* _Records supplied_
━━━━━━━━

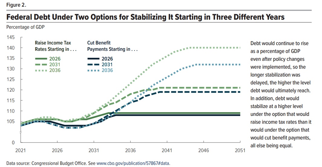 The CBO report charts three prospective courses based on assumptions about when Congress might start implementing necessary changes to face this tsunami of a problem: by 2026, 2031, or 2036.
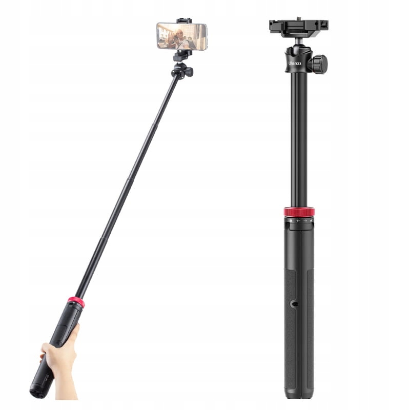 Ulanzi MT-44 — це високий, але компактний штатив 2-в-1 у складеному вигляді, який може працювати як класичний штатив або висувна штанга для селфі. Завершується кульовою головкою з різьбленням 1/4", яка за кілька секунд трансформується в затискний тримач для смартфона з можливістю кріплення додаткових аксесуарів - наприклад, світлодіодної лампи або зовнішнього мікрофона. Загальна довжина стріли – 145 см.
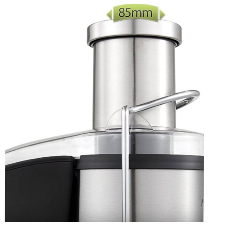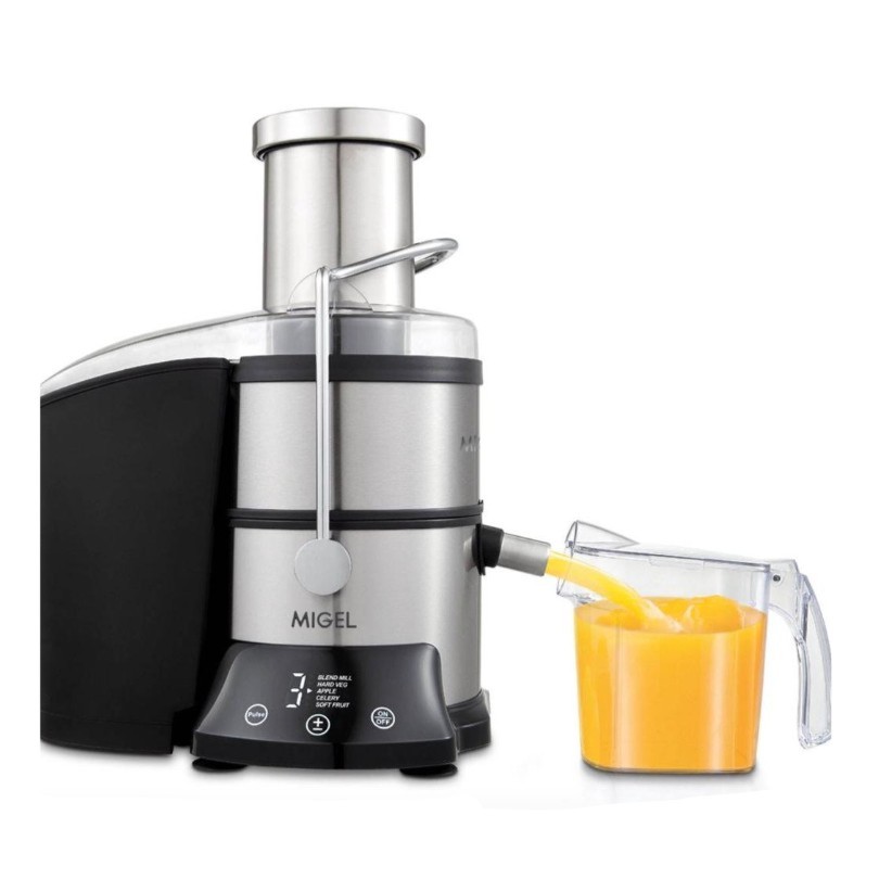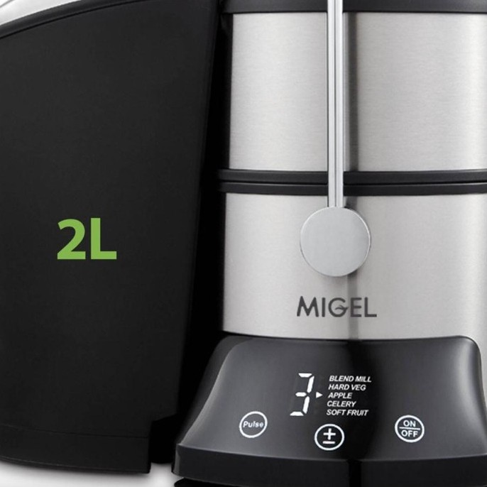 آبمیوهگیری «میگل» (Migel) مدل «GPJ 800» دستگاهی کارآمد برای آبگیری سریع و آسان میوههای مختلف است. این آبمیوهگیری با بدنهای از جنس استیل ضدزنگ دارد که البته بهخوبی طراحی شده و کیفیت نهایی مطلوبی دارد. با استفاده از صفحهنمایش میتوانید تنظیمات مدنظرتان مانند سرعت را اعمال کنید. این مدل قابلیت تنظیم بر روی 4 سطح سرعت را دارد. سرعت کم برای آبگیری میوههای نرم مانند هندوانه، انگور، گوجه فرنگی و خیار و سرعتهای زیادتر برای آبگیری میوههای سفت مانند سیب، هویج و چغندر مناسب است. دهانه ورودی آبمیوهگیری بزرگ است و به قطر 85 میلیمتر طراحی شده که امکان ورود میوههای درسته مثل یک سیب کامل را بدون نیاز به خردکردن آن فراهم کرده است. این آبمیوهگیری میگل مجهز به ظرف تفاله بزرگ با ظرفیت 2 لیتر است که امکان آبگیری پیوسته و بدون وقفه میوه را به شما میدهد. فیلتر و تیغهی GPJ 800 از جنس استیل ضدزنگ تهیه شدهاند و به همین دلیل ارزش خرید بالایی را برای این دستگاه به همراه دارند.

━━━━━━━━

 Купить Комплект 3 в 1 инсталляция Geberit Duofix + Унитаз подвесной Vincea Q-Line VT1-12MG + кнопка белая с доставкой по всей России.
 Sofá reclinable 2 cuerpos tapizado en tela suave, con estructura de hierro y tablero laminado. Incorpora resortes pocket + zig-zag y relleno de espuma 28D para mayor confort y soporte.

━━━━━━━━

* _Exercise requirements_
Look above for the line containing "The CBO report", then write out every line from there down to the line containing "به همراه دارند.", that line included, with no pictures.

* _Exercise solution_
 The CBO report charts three prospective courses based on assumptions about when Congress might start implementing necessary changes to face this tsunami of a problem: by 2026, 2031, or 2036.
 Ulanzi MT-44 — це високий, але компактний штатив 2-в-1 у складеному вигляді, який може працювати як класичний штатив або висувна штанга для селфі. Завершується кульовою головкою з різьбленням 1/4", яка за кілька секунд трансформується в затискний тримач для смартфона з можливістю кріплення додаткових аксесуарів - наприклад, світлодіодної лампи або зовнішнього мікрофона. Загальна довжина стріли – 145 см.
 آبمیوهگیری «میگل» (Migel) مدل «GPJ 800» دستگاهی کارآمد برای آبگیری سریع و آسان میوههای مختلف است. این آبمیوهگیری با بدنهای از جنس استیل ضدزنگ دارد که البته بهخوبی طراحی شده و کیفیت نهایی مطلوبی دارد. با استفاده از صفحهنمایش میتوانید تنظیمات مدنظرتان مانند سرعت را اعمال کنید. این مدل قابلیت تنظیم بر روی 4 سطح سرعت را دارد. سرعت کم برای آبگیری میوههای نرم مانند هندوانه، انگور، گوجه فرنگی و خیار و سرعتهای زیادتر برای آبگیری میوههای سفت مانند سیب، هویج و چغندر مناسب است. دهانه ورودی آبمیوهگیری بزرگ است و به قطر 85 میلیمتر طراحی شده که امکان ورود میوههای درسته مثل یک سیب کامل را بدون نیاز به خردکردن آن فراهم کرده است. این آبمیوهگیری میگل مجهز به ظرف تفاله بزرگ با ظرفیت 2 لیتر است که امکان آبگیری پیوسته و بدون وقفه میوه را به شما میدهد. فیلتر و تیغهی GPJ 800 از جنس استیل ضدزنگ تهیه شدهاند و به همین دلیل ارزش خرید بالایی را برای این دستگاه به همراه دارند.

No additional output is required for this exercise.